EXERCISE BRIEF: Only the lines from the start of the data through the line containing "Рис. 2.3 Рост" should be written out, exactly as they are, with both ends included and the pictures left out.

──────── RECORDS SHOWN ────────

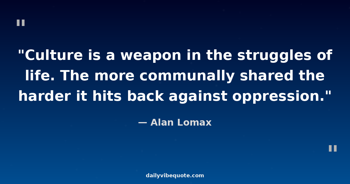"Culture is a weapon in the struggles of life. The more communally shared the harder it hits back against oppression."
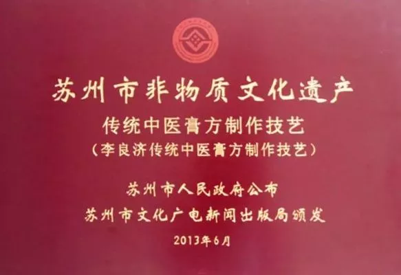 同時(shí),李良濟(jì)傳統(tǒng)膏方制作技藝于2013年入選蘇州市非物質(zhì)文化遺產(chǎn)目錄。
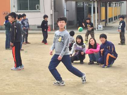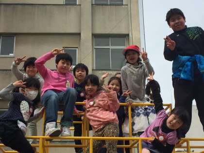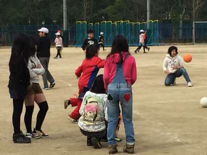 休み時間の6年生です。いつもと変わらない風景です。1年生と遊び、男女いっしょに遊んでいました。この自然体が彼ららしくていいなと思いました。明日、卒業の日を迎えます。
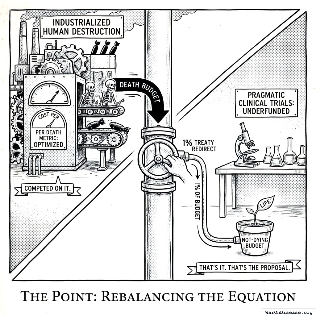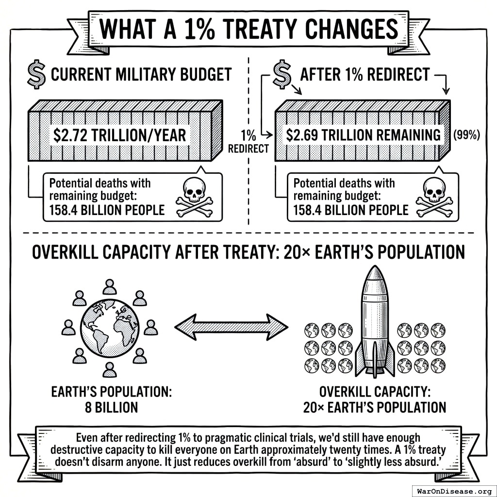 A 1% treaty asks for $27.2B from this surplus. It does not touch deterrence. It does not touch conventional readiness. It takes from the budget line that buys the 2nd through 20th apocalypse and redirects it to clinical trials.
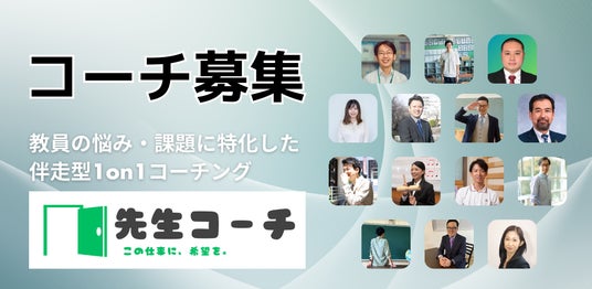 「学級経営、授業、人間関係、働き方・キャリア」など、教員がよく抱える悩みを解決するために、コーチングサービス『先生コーチ』に新たなコーチを募集しています。
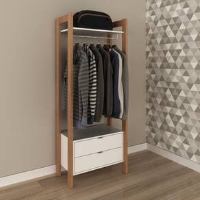 Guarda-Roupa Closet Com Cabideiro Prateleira E 2 Gavetas Az1011 Tecnomobili Amêndoa/Branco
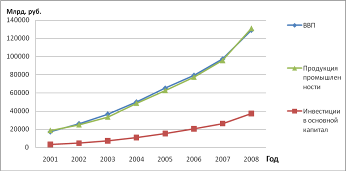 Рис. 2.3 Рост ВВП, продукции промышленности, инвестиций в основной капитал в Республике Беларусь в 2001 – 2008 гг., млрд. руб.
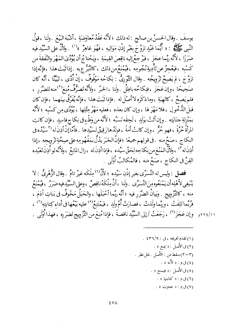 فصل: وليس له التَّسَرِّى بغيرِ إذْنِ سَيِّدِه؛ لأنَّ (٤) مِلْكَه غيرُ تامٍّ. وقال الزُّهْرِىُّ: لا يَنْبَغِى لأهْلِه أن يَمْنَعُوه مِنَ التَّسَرِّى. ولَنا، أَنَّ مِلْكَهُ ناقِصٌ، وعلى السَّيِّدِ فيه ضَرَرٌ، فيُمْنَعُ منه، كالتَّزْوِيج. وبَيانُ الضَّرَرِ فيه؛ أنَّه ربَّما أحْبَلَها، والحَبَلُ مَخُوفٌ فى بَناتِ آدَمَ، فرُبَّما تَلِفَتْ، وربَّما ولَدَتْ، فصارَتْ أُمَّ ولَدٍ، فيَمْتَنِعُ (٥) عليه بَيْعُها فى أداءِ كِتابتِهِ (٦)، وإن عَجَزَ (٧)، رَجَعَتْ إلى السَّيِّدِ ناقصةً، فإذا مُنِعَ من التَّزْوِيج لضَرَرِه، فهذا أَوْلَى.
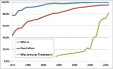 Water coverage during this period increased substantially from 78% in 1976 to 98% in 1988. Sewer coverage increased from 52% in 1976 to 82% in 1988.[9]
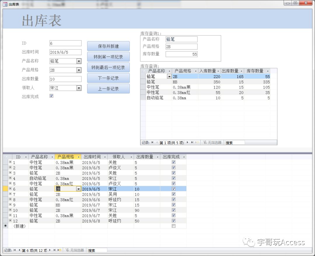 本数据库中最重要也是最常用的设计界面,其实是这张出库表,技术最难点在于如何实时显示某一种办公用品的库存量。只有实时显示库存量才能让发放管理更加清晰,还能实时显示较低库存的用品,提醒及时购入。
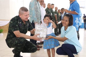 ด้าน นางสาวปณิสรา มณีรัตน์ ตัวแทนเยาวชนในหมู่บ้านรอตันบาตูได้กล่าวขอบคุณรองแม่ทัพภาคที่ 4 และผู้ใหญ่ใจดีทุกท่านว่า ในวันนี้เยาวชนซึ่งเป็นเด็กกำพร้า ประชาชนในหมู่บ้าน และผู้ป่วยติดเตียง จะได้รับชุดรายอ ชุดสงกรานต์ รวมทั้งสิ้น จำนวน 253 คน พวกเราทุกคนดีใจ และมีขวัญกำลังใจ ที่ผู้ใหญ่ทุกท่านไม่เคยทอดทิ้ง และมาสร้างความสุข สร้างรอยยิ้มให้กันในทุกๆ ปี ร่วมกันส่งเสริมวัฒนธรรม ประเพณีอันดีงามของประชาชนในพื้นที่ พร้อมทั้งสร้างความสัมพันธ์อันดีของเจ้าหน้าที่และประชาชน ลูกๆ ทุกคนที่อยู่ ณ ที่นี้ ขอสัญญาว่าจะเติบโตเป็นพลเมืองที่ดี ตั้งใจศึกษาเล่าเรียนเพื่อกลับมาช่วยกันพัฒนาบ้านเกิด และสิ่งสำคัญที่จะบันทึกไว้ในหัวใจ คือ “การแสดงความจงรักภักดี ต่อสถาบัน ชาติ ศาสนา และพระมหากษัตริย์”
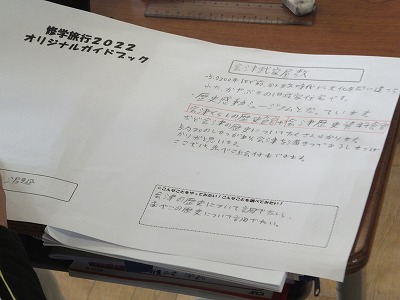 修学旅行の見学先を自分で調べて、自分だけのガイドブックを作りました。
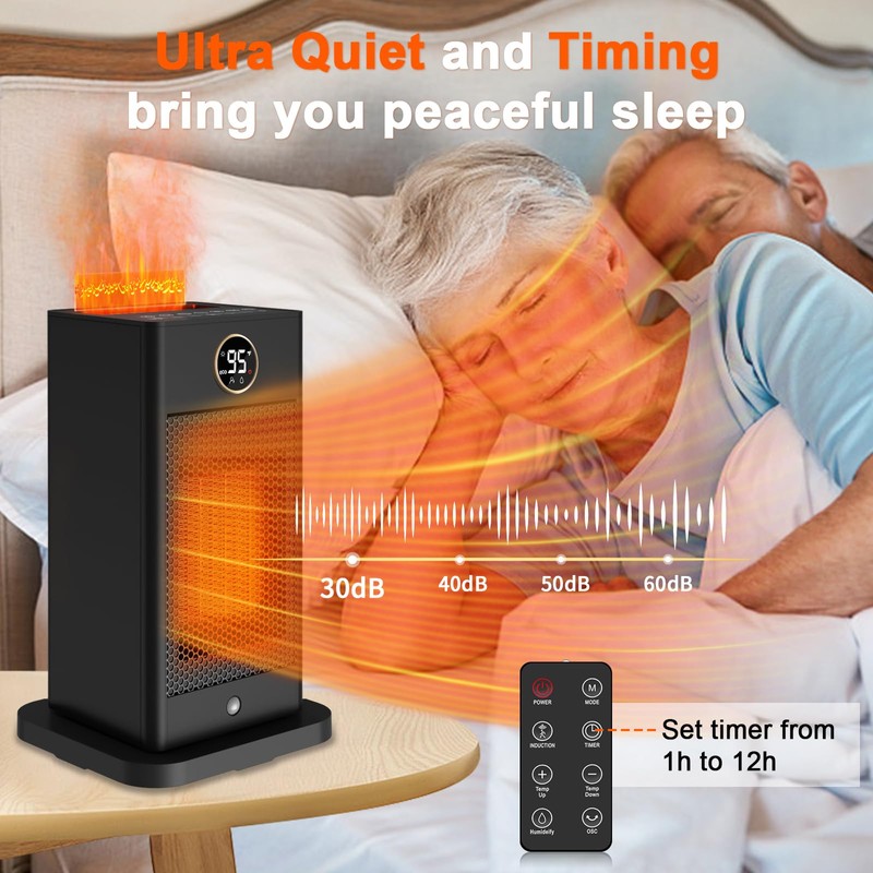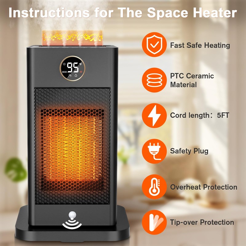 • 【Fast Heating with Sensor】: Our PTC space heater for large rooms heats up in just 2 seconds. The infrared sensor function activates when you hold down the "M" button for 3 seconds. It detects your presence and automatically turns on/off, saving energy and eliminating the need to manually switch it on and off as you come and go.
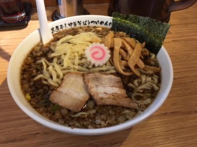 黒煮干しで出汁をとったしょうゆ味のラーメン。麺は平打ちのちぢれ麺です。
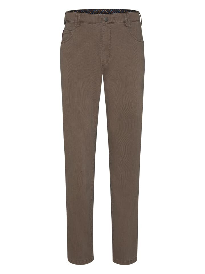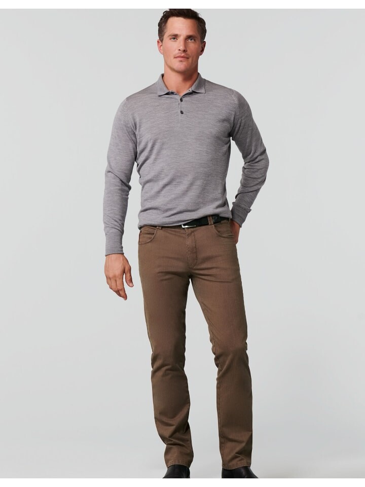Эти брюки чинос из шерсти из мягкой двухцветной ткани из натурального хлопка впечатляют. Модный узор на внутренней стороне ткани виден на задних карманах. Со вкусом подобранные цвета у вас обязательно получится удачный наряд. Эластичность и специальный круглый пояс обеспечивают комфорт. Яркая тканая внутренняя подкладка и высококачественные пуговицы делают брюки MEYER особенными. 100% климатически нейтральный, ЧЕСТНЫЙ и ответственный продукт, произведенный в Европе!
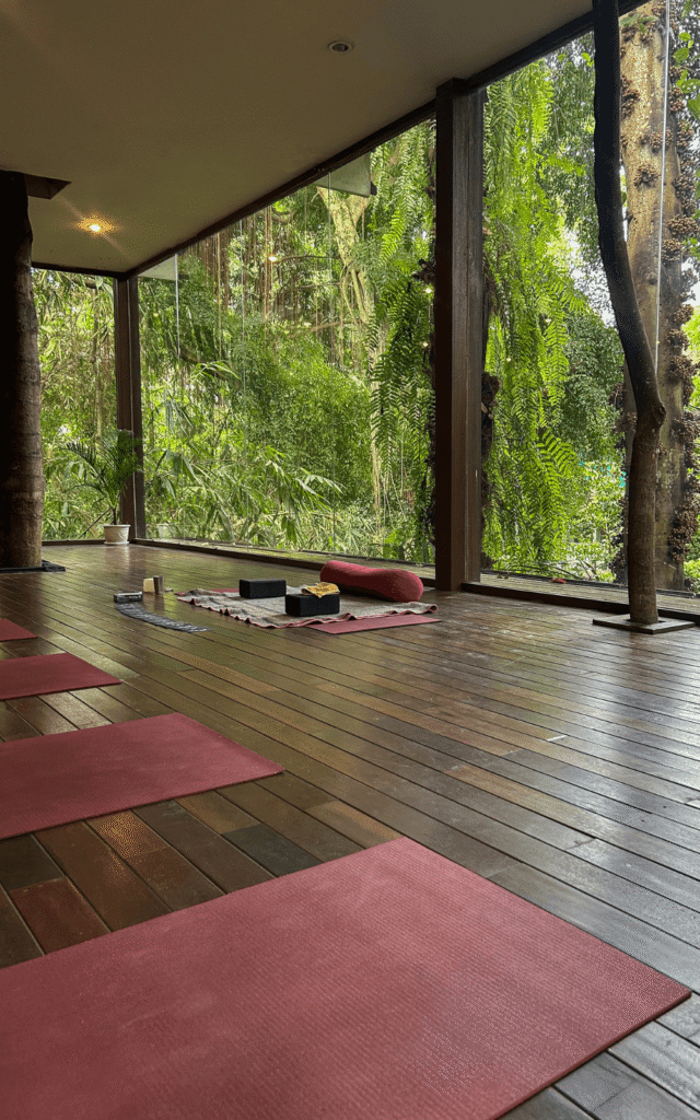 Ubud’s ever-present nature becomes part of the experience itself, whether it’s the jungle visible through the wide windows of a yoga shala or the steady sound of tropical rain during the practice.

────────

REPLY:
"Culture is a weapon in the struggles of life. The more communally shared the harder it hits back against oppression."
 同時(shí),李良濟(jì)傳統(tǒng)膏方制作技藝于2013年入選蘇州市非物質(zhì)文化遺產(chǎn)目錄。
 休み時間の6年生です。いつもと変わらない風景です。1年生と遊び、男女いっしょに遊んでいました。この自然体が彼ららしくていいなと思いました。明日、卒業の日を迎えます。
 A 1% treaty asks for $27.2B from this surplus. It does not touch deterrence. It does not touch conventional readiness. It takes from the budget line that buys the 2nd through 20th apocalypse and redirects it to clinical trials.
 「学級経営、授業、人間関係、働き方・キャリア」など、教員がよく抱える悩みを解決するために、コーチングサービス『先生コーチ』に新たなコーチを募集しています。
 Guarda-Roupa Closet Com Cabideiro Prateleira E 2 Gavetas Az1011 Tecnomobili Amêndoa/Branco
 Рис. 2.3 Рост ВВП, продукции промышленности, инвестиций в основной капитал в Республике Беларусь в 2001 – 2008 гг., млрд. руб.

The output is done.